───── Stored data

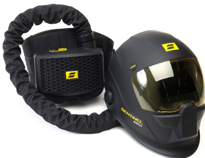
SENTINEL A50 Air avec unité ESAB PAPP
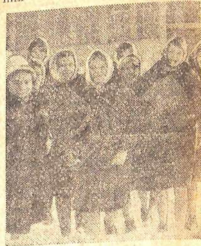
Текст В. Полтавца.

Сумерки сгустились над городом. Ярким электрическим светом залиты широкие окна техникума. Люди самых различных возрастов и профессий собрались здесь, чтобы овладеть знаниями, получить специальность. Начались занятия вечернего отделения.
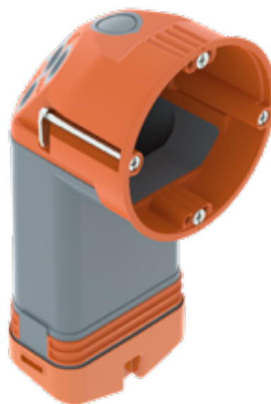
Tip: HE 74-L Br. art. 2003828
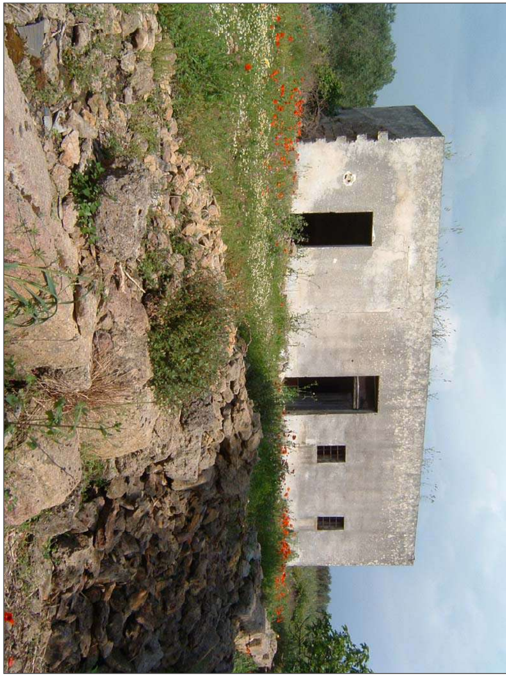
Fotogramma 1. CASA COLONICA (da Ovest)

──────────

## Work item:
Transcribe every record exactly and omit each image.

## Answer:
SENTINEL A50 Air avec unité ESAB PAPP
Текст В. Полтавца.

Сумерки сгустились над городом. Ярким электрическим светом залиты широкие окна техникума. Люди самых различных возрастов и профессий собрались здесь, чтобы овладеть знаниями, получить специальность. Начались занятия вечернего отделения.
Tip: HE 74-L Br. art. 2003828
Fotogramma 1. CASA COLONICA (da Ovest)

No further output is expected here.